### [Task data]
• • • •

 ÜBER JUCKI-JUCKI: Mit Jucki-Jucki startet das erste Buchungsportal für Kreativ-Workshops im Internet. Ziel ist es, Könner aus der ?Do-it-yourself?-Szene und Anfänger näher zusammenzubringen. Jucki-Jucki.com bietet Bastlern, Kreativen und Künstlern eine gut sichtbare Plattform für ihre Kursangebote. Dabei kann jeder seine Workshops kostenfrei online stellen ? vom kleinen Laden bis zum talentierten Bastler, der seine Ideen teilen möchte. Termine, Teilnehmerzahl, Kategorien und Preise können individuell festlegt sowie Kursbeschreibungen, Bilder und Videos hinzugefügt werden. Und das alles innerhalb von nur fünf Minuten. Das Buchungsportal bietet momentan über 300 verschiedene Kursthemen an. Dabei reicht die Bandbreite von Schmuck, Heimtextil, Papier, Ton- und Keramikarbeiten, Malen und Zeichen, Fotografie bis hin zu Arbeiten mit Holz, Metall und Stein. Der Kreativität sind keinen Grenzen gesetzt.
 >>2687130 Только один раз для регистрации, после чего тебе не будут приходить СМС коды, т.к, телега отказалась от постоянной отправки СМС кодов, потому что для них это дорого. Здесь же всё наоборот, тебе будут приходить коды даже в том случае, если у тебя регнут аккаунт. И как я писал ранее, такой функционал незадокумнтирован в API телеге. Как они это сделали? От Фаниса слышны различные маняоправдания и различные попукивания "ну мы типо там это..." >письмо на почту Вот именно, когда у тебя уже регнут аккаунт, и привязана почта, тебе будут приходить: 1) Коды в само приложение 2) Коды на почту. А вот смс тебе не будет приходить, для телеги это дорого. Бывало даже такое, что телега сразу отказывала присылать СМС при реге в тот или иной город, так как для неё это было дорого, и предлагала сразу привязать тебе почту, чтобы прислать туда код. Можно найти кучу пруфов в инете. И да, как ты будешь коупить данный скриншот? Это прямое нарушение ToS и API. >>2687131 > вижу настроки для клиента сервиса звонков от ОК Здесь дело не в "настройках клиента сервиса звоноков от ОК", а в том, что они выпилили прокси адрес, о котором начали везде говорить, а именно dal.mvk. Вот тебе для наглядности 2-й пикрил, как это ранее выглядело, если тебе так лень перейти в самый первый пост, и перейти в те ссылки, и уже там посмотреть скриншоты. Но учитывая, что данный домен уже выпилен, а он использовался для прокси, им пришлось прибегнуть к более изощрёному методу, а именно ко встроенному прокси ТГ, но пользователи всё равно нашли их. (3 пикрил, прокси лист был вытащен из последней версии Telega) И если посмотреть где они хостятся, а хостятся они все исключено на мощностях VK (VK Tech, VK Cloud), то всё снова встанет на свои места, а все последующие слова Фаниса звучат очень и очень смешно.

• • • •

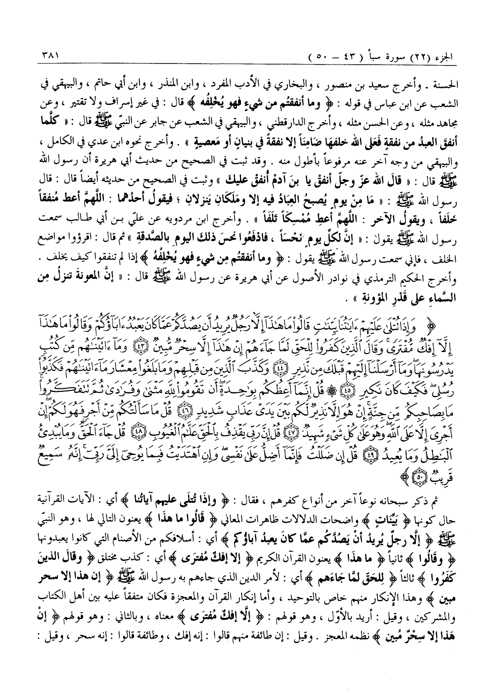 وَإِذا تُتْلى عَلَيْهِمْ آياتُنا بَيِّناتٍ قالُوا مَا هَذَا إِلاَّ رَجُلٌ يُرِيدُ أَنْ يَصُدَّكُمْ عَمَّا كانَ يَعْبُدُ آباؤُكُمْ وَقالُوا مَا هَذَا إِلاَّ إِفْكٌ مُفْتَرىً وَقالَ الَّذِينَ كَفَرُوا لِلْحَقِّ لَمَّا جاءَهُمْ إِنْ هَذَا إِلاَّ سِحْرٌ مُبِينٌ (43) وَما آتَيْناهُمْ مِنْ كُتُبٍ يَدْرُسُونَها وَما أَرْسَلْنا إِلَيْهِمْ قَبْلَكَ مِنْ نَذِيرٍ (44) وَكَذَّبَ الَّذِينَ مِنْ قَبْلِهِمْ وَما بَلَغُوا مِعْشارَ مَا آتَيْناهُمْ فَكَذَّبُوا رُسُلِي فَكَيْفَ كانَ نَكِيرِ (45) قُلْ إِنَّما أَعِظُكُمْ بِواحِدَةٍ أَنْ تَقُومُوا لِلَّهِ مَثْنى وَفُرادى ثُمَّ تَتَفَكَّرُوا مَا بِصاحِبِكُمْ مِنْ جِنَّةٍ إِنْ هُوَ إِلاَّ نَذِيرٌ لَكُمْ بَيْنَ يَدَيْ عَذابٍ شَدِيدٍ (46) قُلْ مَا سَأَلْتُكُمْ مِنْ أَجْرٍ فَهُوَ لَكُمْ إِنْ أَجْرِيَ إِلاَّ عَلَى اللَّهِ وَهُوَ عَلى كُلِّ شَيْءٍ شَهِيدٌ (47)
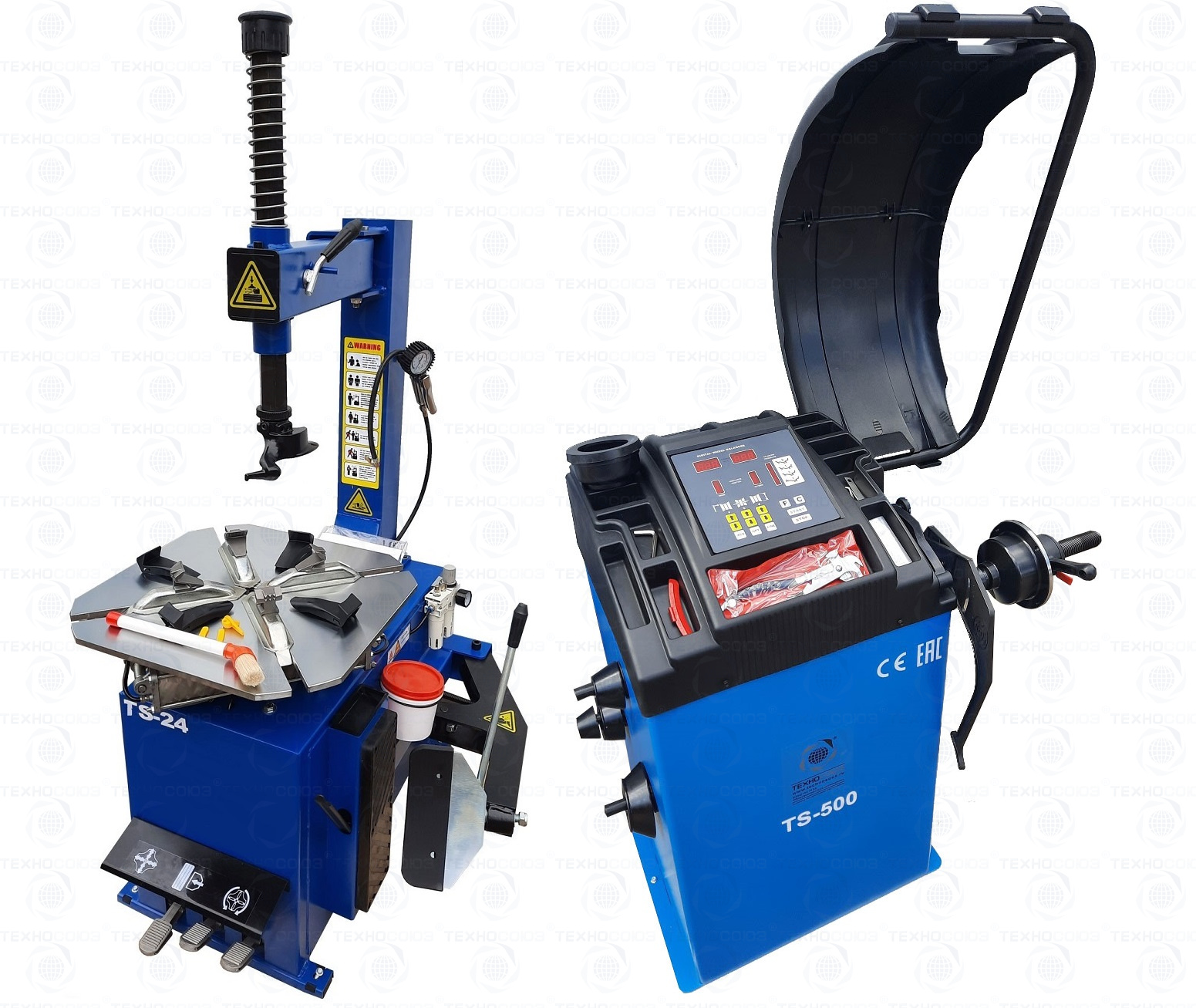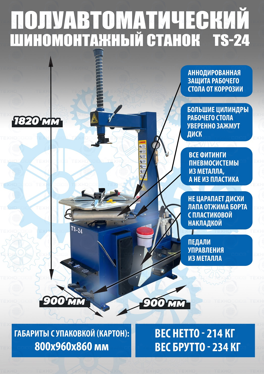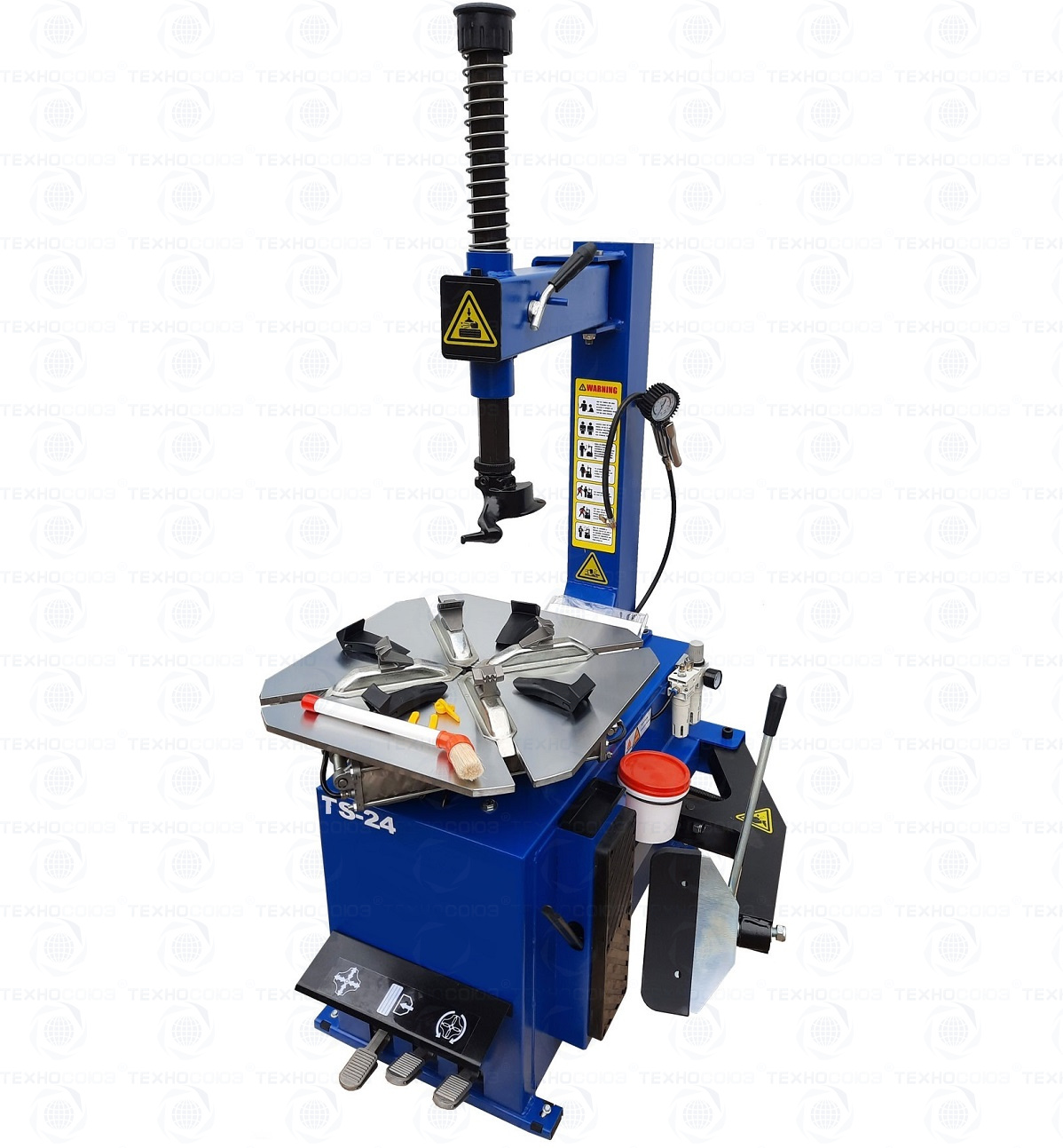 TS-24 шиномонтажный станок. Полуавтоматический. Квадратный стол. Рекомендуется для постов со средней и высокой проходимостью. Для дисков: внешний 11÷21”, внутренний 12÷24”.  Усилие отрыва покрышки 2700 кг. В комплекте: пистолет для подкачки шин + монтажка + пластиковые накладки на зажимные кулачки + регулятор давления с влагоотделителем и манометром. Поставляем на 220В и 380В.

• • • •

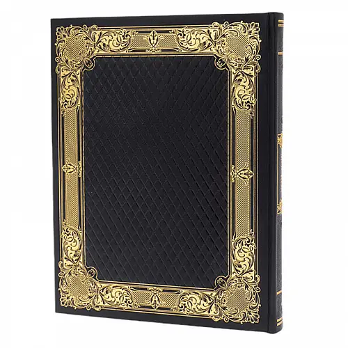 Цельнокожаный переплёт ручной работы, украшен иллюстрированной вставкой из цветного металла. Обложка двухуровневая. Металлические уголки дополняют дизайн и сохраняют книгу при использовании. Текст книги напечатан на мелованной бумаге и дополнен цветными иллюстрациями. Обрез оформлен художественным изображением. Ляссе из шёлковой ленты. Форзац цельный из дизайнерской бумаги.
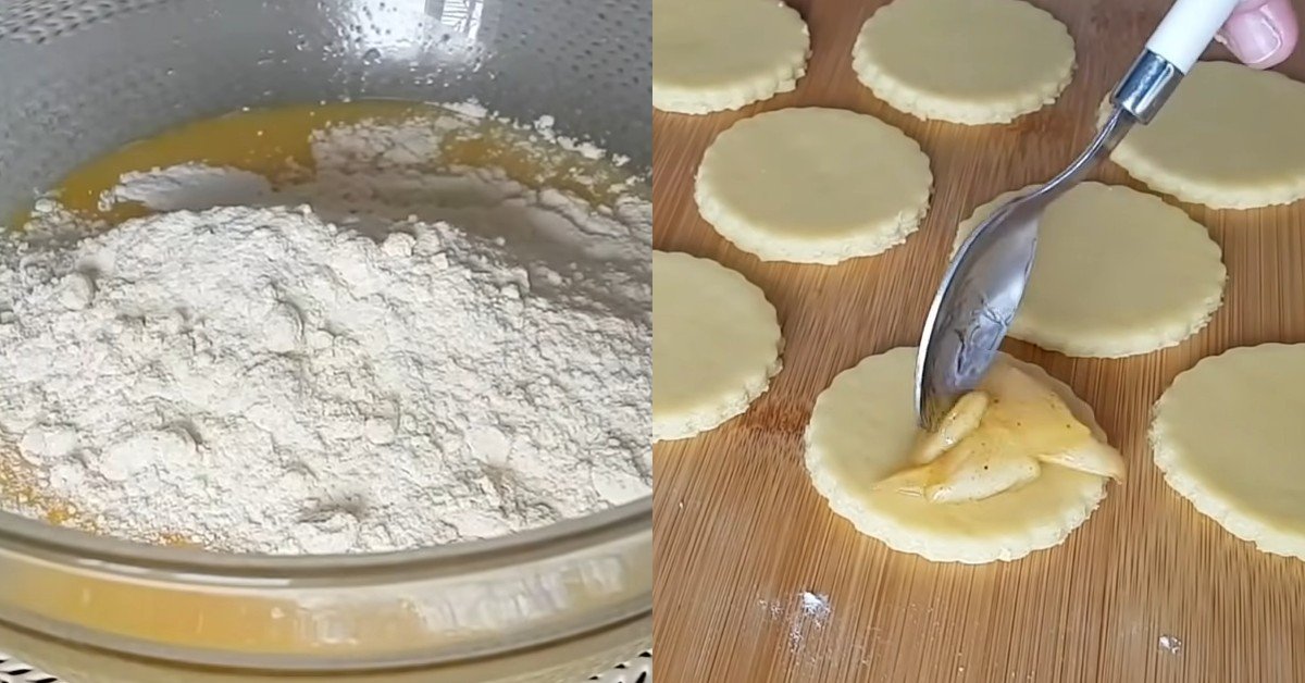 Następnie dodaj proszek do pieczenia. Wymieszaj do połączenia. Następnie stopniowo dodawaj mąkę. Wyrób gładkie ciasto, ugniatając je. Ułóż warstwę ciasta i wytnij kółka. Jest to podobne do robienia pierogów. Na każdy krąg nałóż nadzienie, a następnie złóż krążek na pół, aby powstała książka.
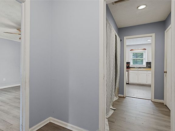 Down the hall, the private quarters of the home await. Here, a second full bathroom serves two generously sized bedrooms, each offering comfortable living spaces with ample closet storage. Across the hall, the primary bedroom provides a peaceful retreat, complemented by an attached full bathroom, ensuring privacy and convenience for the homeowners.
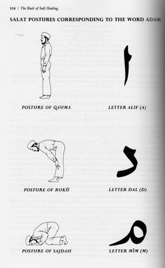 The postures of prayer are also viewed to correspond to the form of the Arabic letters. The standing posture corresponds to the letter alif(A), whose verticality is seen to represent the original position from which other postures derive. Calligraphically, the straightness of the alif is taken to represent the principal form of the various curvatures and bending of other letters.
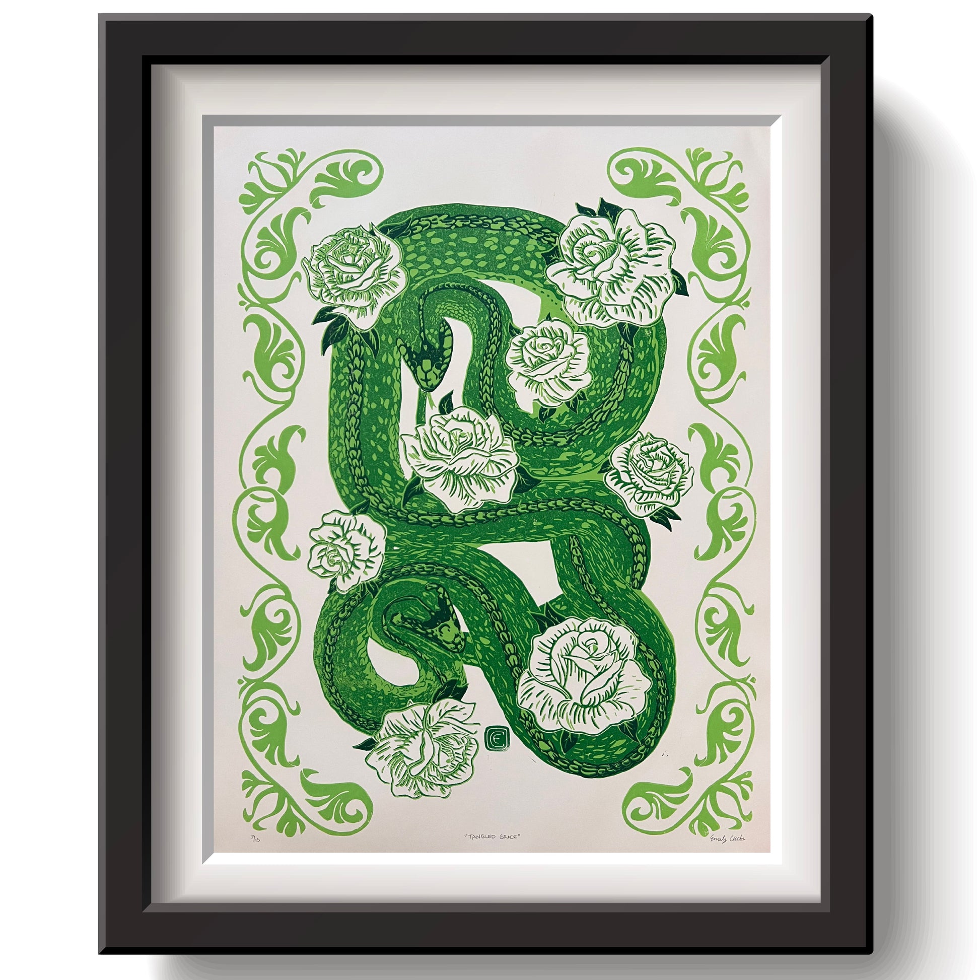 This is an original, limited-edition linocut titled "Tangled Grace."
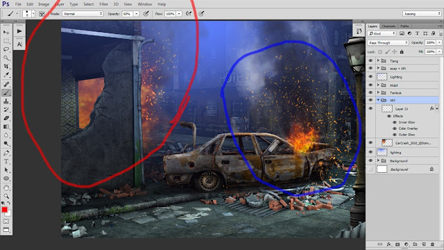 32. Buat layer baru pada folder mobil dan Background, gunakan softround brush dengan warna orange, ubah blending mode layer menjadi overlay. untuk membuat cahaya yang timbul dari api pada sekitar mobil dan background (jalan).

• • • •

### [To do]
For the entries above, print exactly the lines between the one with "Następnie dodaj proszek" and the one with "32. Buat layer", inclusive, with no pictures.

### [Task response]
 Następnie dodaj proszek do pieczenia. Wymieszaj do połączenia. Następnie stopniowo dodawaj mąkę. Wyrób gładkie ciasto, ugniatając je. Ułóż warstwę ciasta i wytnij kółka. Jest to podobne do robienia pierogów. Na każdy krąg nałóż nadzienie, a następnie złóż krążek na pół, aby powstała książka.
 Down the hall, the private quarters of the home await. Here, a second full bathroom serves two generously sized bedrooms, each offering comfortable living spaces with ample closet storage. Across the hall, the primary bedroom provides a peaceful retreat, complemented by an attached full bathroom, ensuring privacy and convenience for the homeowners.
 The postures of prayer are also viewed to correspond to the form of the Arabic letters. The standing posture corresponds to the letter alif(A), whose verticality is seen to represent the original position from which other postures derive. Calligraphically, the straightness of the alif is taken to represent the principal form of the various curvatures and bending of other letters.
 This is an original, limited-edition linocut titled "Tangled Grace."
 32. Buat layer baru pada folder mobil dan Background, gunakan softround brush dengan warna orange, ubah blending mode layer menjadi overlay. untuk membuat cahaya yang timbul dari api pada sekitar mobil dan background (jalan).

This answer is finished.